Positive Law
The United States Code is an organized compilation of federal statutes, arranged by subject matter rather than chronological order of enactment. The Code is not, by default, the law itself — it is a publication of the law. The actual law lives in the Statutes at Large, which records each public law in the form Congress enacted it.
1 U.S.C. § 204(a) states the rule:
“The matter set forth in the edition of the Code of Laws of the United States current at any time shall, together with the then current supplement, if any, establish prima facie the laws of the United States … Provided, however, That whenever titles of such Code shall have been enacted into positive law the text thereof shall be legal evidence of the laws therein contained, in all the courts of the United States, the several States, and the Territories and insular possessions of the United States.”
The distinction has a precise legal consequence. For non-positive-law titles, if the Code text and the underlying Statutes-at-Large text diverge, the Statutes at Large control — the Code is prima facie evidence, presumptively correct but rebuttable. For titles that Congress has enacted into positive law, the Code text is the law; the Statutes at Large may inform interpretation but the Code text controls.

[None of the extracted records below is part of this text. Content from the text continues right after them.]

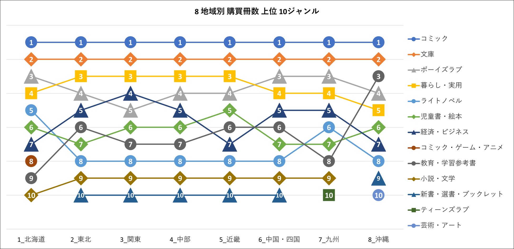 3位以降は各地域で順位に変化が見られます。沖縄は他地域では5位以下に位置している「教育・学習参考書」が3位に入っています。北海道は5位に「ライトノベル」、近畿は5位に「児童書・絵本」が入りました。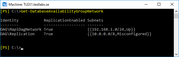 In the preceding screenshot, you can see that DAG\Replication is listed as Misconfigured. In this case, this was a manually added DAG network that is no longer in use by any of the servers in the DAG. Use the Remove-DatabaseAvailabilityGroupNetwork cmdlet to delete the ...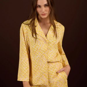 A vibrant yellow shorts and shirt set featuring a unique photo-art print on the back of the shirt.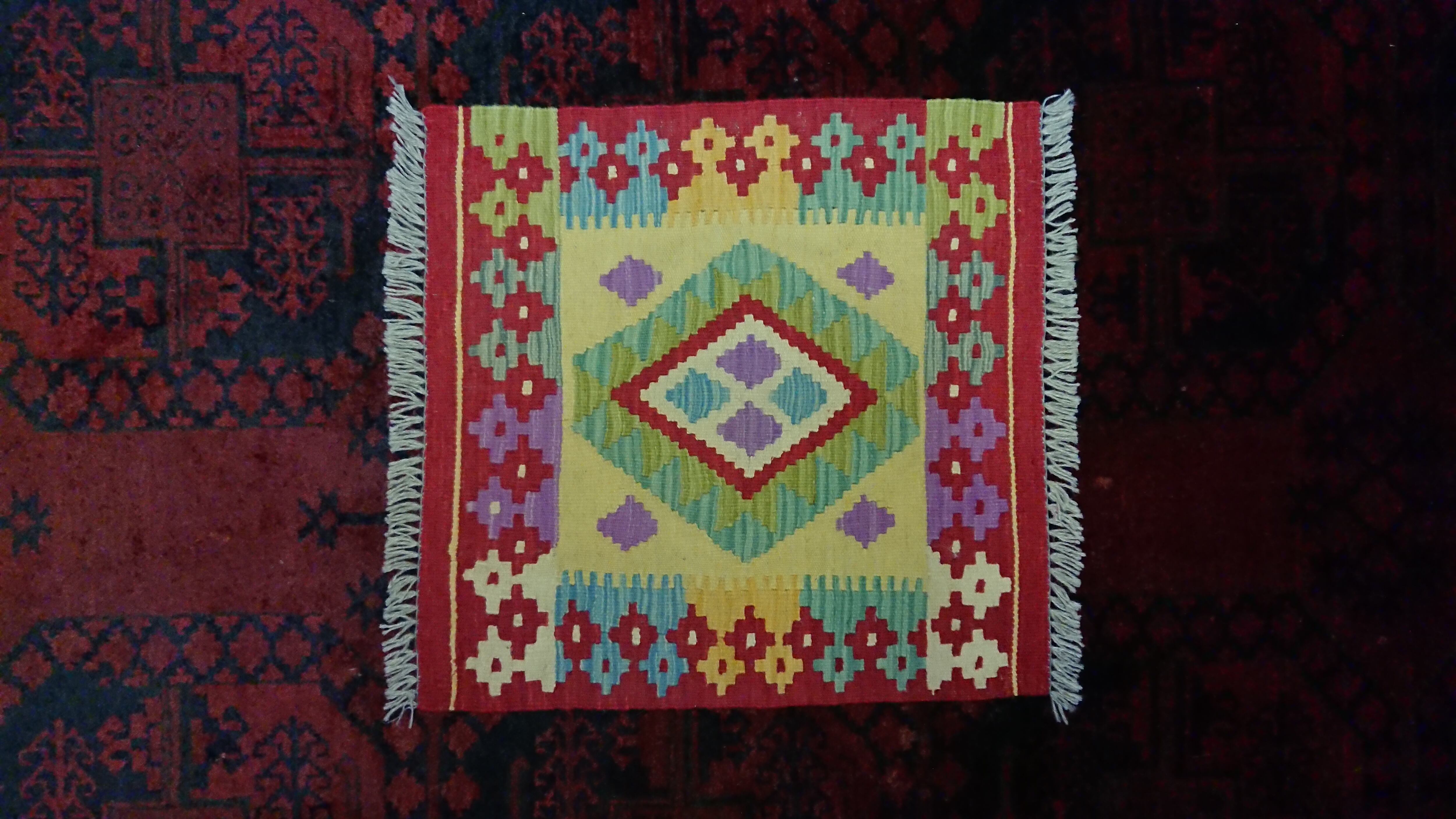 マイマナキリムの最近織られたものです。元来落ち着いた色目のものばかりでしたが、最近の糸の色ムラを使い、トルコキリムの様な色目の糸で織ったものです。ギャッベのどの絨毯で良くみられ、アブラッシュと呼ばれています。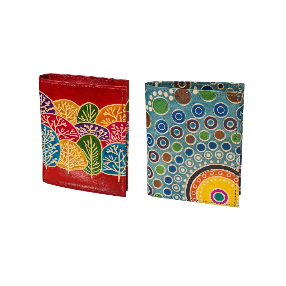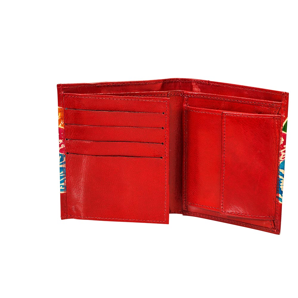IN0-25-104-03 Geldbeutel "Herbst" mit Münz- und Scheinfach, Druckknopfverschluss innen, Bunte Bäume/rot, Ziegenleder, 10,5x12,5

Twenty-seven of the U.S. Code’s titles are currently positive law, roughly half. The Office of the Law Revision Counsel maintains the official list and updates it as new codification statutes are passed. Notable titles that are positive law include Title 5 (Government Organization and Employees), Title 11 (Bankruptcy), and Title 18 (Crimes). Notable titles that are not on the OLRC’s positive-law list include Title 26 (Internal Revenue) and Title 42 (Public Health and Welfare).
The practical analytical implication: when a claim rests on Code text in a non-positive-law title, careful work checks the underlying public laws to confirm the Code accurately reflects them. The discrepancy is usually small — the OLRC does conscientious editorial work — but the discrepancy is what the prima facie qualifier preserves the right to litigate over. For positive-law titles, this concern is closed.
This is the first of the four lenses in the methodology: Is the cited authority positive law, or only prima facie evidence? Does the distinction matter here? Most of the time it does not. When it does, it can be dispositive.